Chuck Bartowski: I have very sensitive sinuses. John Casey: Well 9mm of hot lead should clear that right out! Did you really think you could run away from me? Let's go!
Chuck Bartowski: Look, what if I surrender and you run. I mean I'm going into a cell anyway. What's the difference? Sarah Walker: Torture. Chuck Bartowski: Okay, no surrender.
Chuck Bartowski: Oh God, someone shoot me now. Ted Roark: I can help you with that, Chuck. A real shotgun wedding. Just think. That terrible pun is the last thing you'll ever hear.
Chuck Bartowski: [seeing General Beckman on the TV] Wow, that new high-def screen sure shows every wrinkle. John Casey: They can hear you. Chuck Bartowski: What? Twinkle! Every twinkle... in her eye... eyes...

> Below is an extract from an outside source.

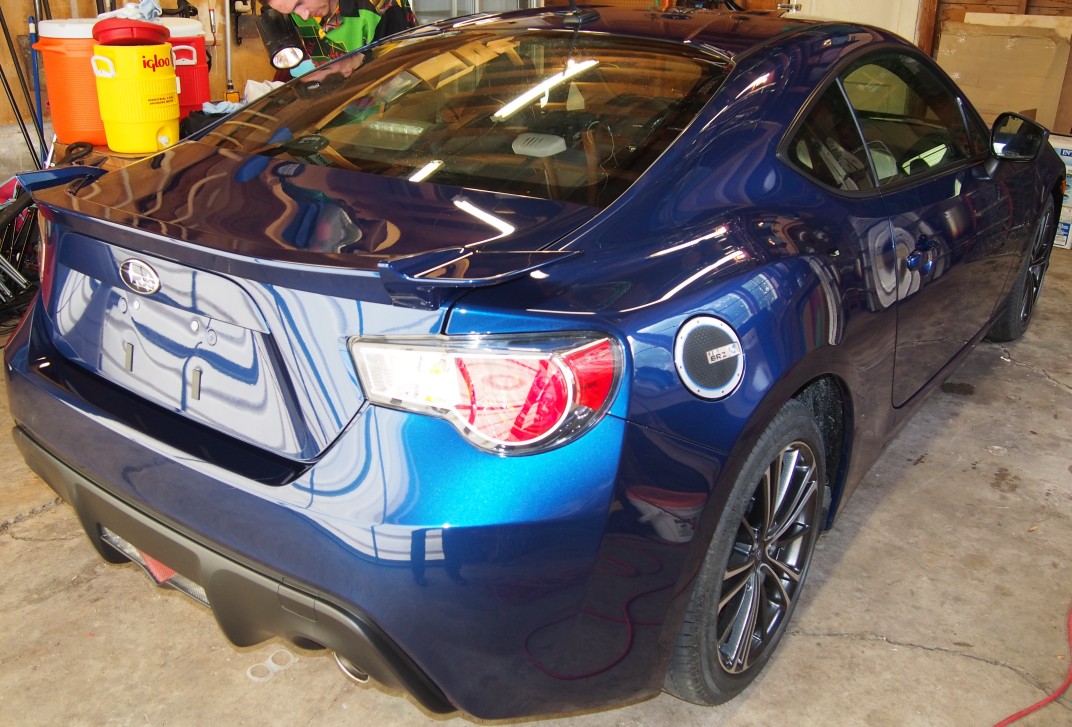 http://www.ft86club.com/forums/showp...&postcount=157 I will be adding pics and whatever I do to it here. It's the fourth, won't be doing much today! ![]() I did get one little bitty rock chip on the way home. Not sure what I'm going to do about it if anything. Probably just do the Opti-Coat right over it. I may put in some of my LED's this afternoon though. I put about 360 miles on it coming home, varied as much as I could on the interstate and a bunch of back roads, nearly took out one antelope and a hundred or so suicidal birds. Miraculously they all missed. Even on the HWY this car is fun, it's a bit louder than I expected but not bad at all. The suspension is like a roller coaster. It eats up the bumps without much problem, but on the dips in the road it tells you straight up "I'm following the road, you can join me if you'd like" then there's the YIPPY!!!! moment as you drop with it, love that! The speakers are unbearable to me, just horrible even after tweaking the EQ. Will be replacing those promptly. What kills me, even dropping the base as low as possible, certain songs' base lines still seem to get passed through the filters and the door speakers make a "Why don't you join me in HELL!!!!" sorta noise, like it's trying to do some boomy base, but just can't come close. I didn't take of the fuel door sticker as the dealer was pretty sure it would have been scratched up at the port. It's not as bad as I thought, but I don't think I want it still. Weighing my options at this point on whether I should try to take it off. I will be leaving the rear bumper applique on though, it's not very noticeable and I'll just Opti-Coat around it so it will still protect from scratches and what-not until it falls off. Chucked the kids in last night when I got home. My 6 year old daughter just curls up on the seat behind me since there is NO leg room as I'm 6'2" and the seat is all the way back. My 9 year old boy fits comfortably in the back with my wife in the passenger seat, though he does complain about his feet being under the seat. Too bad for them, it's not their car and I don't want them in it! Overall, very impressed, it's exactly what I expected and even though it cost $500 or so more than my pre-order, I'm happy with a few of the options, and that I got it 3-4 months earlier! Edit: July 5 Removed the Subaru and BRZ badges from the back, they were pissing me off for some reason. The trunk back is so small, I couldn't see enough of the wonderful GBS!!! I've also installed LED's in the LP, trunk, and door courtesy positions. Awaiting all the LED's I ordered for the Turn/Reverse/Fog/Map/Visor positions. Also I attached a few shots, it was raining today along with the LED's and the little chip I got on the way home.

Chuck Bartowski: [pointing a gun at Casey] I know what I'm doing. John Casey: You have no idea. You're entering a world of pain, Chuck. Chuck Bartowski: I want this Intersect out of my head. Are you going to help me or not? John Casey: You gotta be... is that a tranq gun? You don't even have the common courtesy to threaten me with an actual firearm!
Chuck Bartowski: Casey, I'm handcuffed. John Casey: Relax, handcuffs are a cinch. Chuck Bartowski: Really? John Casey: Yeah, there's a bone in your thumb. Tiny bone. Real easy to break. What you're gonna wanna do is apply torsional pressure until it snaps. Chuck Bartowski: I'm not going to break my bone! John Casey: Well in that case, you are screwed!
John Casey: Sure thing, Chuck. I'll just call all the criminals and rogue spies and let them know to hold on a second because Chuck Bartowski needs to sort out his lady feelings.
John Casey: [after discovering that Devon has broken into his apartment] I hate this whole family.